Could you copy exactly the lines below, beginning at the line with "Oprawy LED na" and stopping after the line with "Hugo Duminil-Copin , Medalha Fields em 2022", with no pictures?
SOURCE RECORDS section start
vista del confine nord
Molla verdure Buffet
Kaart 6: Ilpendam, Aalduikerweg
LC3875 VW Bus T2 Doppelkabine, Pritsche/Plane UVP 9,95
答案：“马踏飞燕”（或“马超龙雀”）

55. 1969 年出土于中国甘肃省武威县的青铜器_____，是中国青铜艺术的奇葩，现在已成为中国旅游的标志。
SOURCE RECORDS section end
SOURCE RECORDS section start
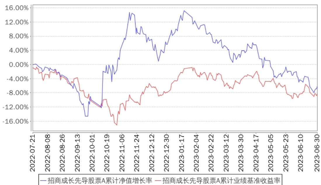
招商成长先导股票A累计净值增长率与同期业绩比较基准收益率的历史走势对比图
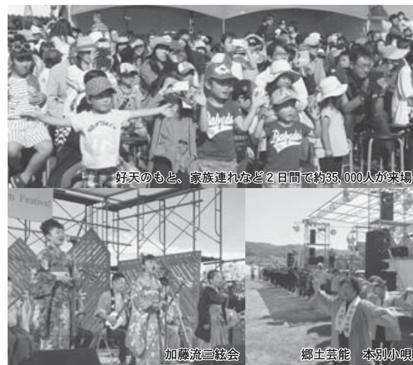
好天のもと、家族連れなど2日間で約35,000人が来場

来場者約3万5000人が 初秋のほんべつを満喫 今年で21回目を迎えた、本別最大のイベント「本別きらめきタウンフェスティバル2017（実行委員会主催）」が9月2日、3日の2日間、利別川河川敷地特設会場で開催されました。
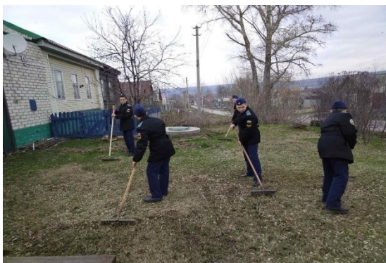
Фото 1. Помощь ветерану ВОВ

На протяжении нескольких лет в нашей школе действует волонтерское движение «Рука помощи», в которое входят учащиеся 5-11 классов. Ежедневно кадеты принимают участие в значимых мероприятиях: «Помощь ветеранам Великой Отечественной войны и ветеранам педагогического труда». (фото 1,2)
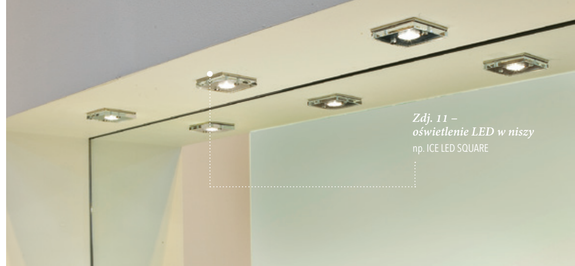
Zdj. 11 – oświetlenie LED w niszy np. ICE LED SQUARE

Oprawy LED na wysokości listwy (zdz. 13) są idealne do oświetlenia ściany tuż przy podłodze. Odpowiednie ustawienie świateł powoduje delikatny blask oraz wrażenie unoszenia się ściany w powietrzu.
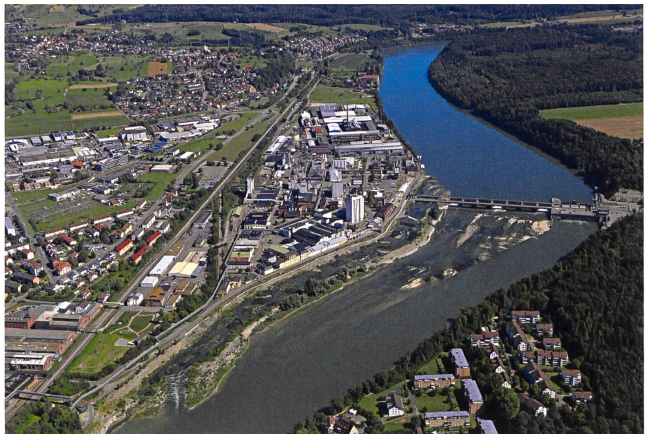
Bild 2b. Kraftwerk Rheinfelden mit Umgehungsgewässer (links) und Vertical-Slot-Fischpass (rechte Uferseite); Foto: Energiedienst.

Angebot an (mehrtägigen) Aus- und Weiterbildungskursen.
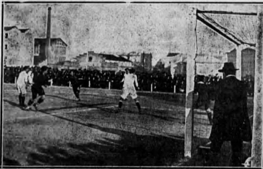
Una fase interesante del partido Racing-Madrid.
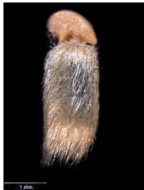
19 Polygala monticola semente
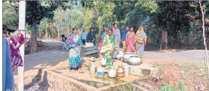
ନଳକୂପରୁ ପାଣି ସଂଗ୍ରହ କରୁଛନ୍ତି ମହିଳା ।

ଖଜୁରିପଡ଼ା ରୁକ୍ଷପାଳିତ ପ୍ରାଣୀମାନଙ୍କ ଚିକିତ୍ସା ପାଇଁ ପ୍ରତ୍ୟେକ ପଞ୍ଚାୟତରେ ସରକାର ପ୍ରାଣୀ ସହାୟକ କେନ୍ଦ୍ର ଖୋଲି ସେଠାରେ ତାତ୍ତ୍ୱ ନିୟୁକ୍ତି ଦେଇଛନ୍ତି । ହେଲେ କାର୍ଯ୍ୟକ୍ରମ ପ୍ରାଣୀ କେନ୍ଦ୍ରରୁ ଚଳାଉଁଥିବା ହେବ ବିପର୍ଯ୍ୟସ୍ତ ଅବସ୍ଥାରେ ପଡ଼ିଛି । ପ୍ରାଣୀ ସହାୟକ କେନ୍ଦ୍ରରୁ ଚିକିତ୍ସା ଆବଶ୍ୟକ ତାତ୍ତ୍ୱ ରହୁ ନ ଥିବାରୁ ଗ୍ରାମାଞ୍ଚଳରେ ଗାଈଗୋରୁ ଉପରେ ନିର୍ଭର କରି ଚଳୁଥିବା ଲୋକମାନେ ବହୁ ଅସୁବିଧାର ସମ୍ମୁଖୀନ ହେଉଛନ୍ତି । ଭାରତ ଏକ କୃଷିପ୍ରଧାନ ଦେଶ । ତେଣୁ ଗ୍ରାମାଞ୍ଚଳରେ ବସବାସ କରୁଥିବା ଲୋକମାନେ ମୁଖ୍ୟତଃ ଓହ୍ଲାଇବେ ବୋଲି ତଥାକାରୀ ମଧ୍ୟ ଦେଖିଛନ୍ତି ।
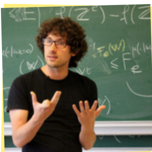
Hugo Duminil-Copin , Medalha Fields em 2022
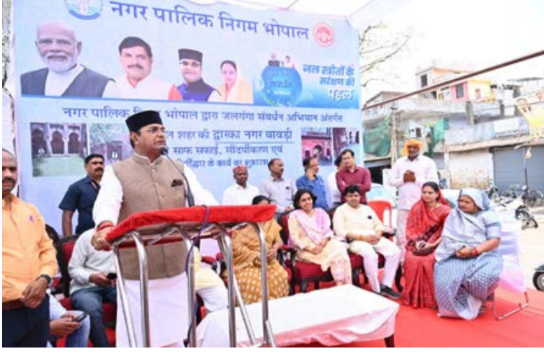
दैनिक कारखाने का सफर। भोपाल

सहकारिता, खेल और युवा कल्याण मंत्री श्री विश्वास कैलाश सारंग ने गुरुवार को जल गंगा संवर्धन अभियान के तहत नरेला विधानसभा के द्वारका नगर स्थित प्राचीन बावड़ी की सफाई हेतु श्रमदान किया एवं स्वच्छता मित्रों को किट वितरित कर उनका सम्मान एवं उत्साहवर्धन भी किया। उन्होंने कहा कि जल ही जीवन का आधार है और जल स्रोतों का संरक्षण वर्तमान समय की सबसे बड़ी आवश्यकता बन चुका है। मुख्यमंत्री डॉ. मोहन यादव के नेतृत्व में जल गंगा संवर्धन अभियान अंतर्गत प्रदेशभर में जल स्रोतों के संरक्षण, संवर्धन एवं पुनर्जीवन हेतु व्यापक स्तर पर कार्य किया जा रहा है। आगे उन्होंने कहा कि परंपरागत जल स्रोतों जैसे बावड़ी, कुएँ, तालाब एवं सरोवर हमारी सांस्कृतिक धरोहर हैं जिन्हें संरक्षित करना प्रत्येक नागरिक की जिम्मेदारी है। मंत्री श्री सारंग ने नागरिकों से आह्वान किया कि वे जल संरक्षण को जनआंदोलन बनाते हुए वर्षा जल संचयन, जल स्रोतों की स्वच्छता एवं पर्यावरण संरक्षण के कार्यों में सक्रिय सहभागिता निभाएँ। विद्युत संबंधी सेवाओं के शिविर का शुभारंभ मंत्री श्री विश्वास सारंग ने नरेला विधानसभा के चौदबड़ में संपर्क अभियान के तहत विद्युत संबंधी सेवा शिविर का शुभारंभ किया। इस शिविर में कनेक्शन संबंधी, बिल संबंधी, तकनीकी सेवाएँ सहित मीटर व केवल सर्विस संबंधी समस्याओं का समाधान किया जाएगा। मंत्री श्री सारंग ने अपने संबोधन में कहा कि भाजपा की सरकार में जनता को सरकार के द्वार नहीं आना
SOURCE RECORDS section end
▶ EXERCISE RESPONSE
Oprawy LED na wysokości listwy (zdz. 13) są idealne do oświetlenia ściany tuż przy podłodze. Odpowiednie ustawienie świateł powoduje delikatny blask oraz wrażenie unoszenia się ściany w powietrzu.
Bild 2b. Kraftwerk Rheinfelden mit Umgehungsgewässer (links) und Vertical-Slot-Fischpass (rechte Uferseite); Foto: Energiedienst.

Angebot an (mehrtägigen) Aus- und Weiterbildungskursen.
Una fase interesante del partido Racing-Madrid.
19 Polygala monticola semente
ନଳକୂପରୁ ପାଣି ସଂଗ୍ରହ କରୁଛନ୍ତି ମହିଳା ।

ଖଜୁରିପଡ଼ା ରୁକ୍ଷପାଳିତ ପ୍ରାଣୀମାନଙ୍କ ଚିକିତ୍ସା ପାଇଁ ପ୍ରତ୍ୟେକ ପଞ୍ଚାୟତରେ ସରକାର ପ୍ରାଣୀ ସହାୟକ କେନ୍ଦ୍ର ଖୋଲି ସେଠାରେ ତାତ୍ତ୍ୱ ନିୟୁକ୍ତି ଦେଇଛନ୍ତି । ହେଲେ କାର୍ଯ୍ୟକ୍ରମ ପ୍ରାଣୀ କେନ୍ଦ୍ରରୁ ଚଳାଉଁଥିବା ହେବ ବିପର୍ଯ୍ୟସ୍ତ ଅବସ୍ଥାରେ ପଡ଼ିଛି । ପ୍ରାଣୀ ସହାୟକ କେନ୍ଦ୍ରରୁ ଚିକିତ୍ସା ଆବଶ୍ୟକ ତାତ୍ତ୍ୱ ରହୁ ନ ଥିବାରୁ ଗ୍ରାମାଞ୍ଚଳରେ ଗାଈଗୋରୁ ଉପରେ ନିର୍ଭର କରି ଚଳୁଥିବା ଲୋକମାନେ ବହୁ ଅସୁବିଧାର ସମ୍ମୁଖୀନ ହେଉଛନ୍ତି । ଭାରତ ଏକ କୃଷିପ୍ରଧାନ ଦେଶ । ତେଣୁ ଗ୍ରାମାଞ୍ଚଳରେ ବସବାସ କରୁଥିବା ଲୋକମାନେ ମୁଖ୍ୟତଃ ଓହ୍ଲାଇବେ ବୋଲି ତଥାକାରୀ ମଧ୍ୟ ଦେଖିଛନ୍ତି ।
Hugo Duminil-Copin , Medalha Fields em 2022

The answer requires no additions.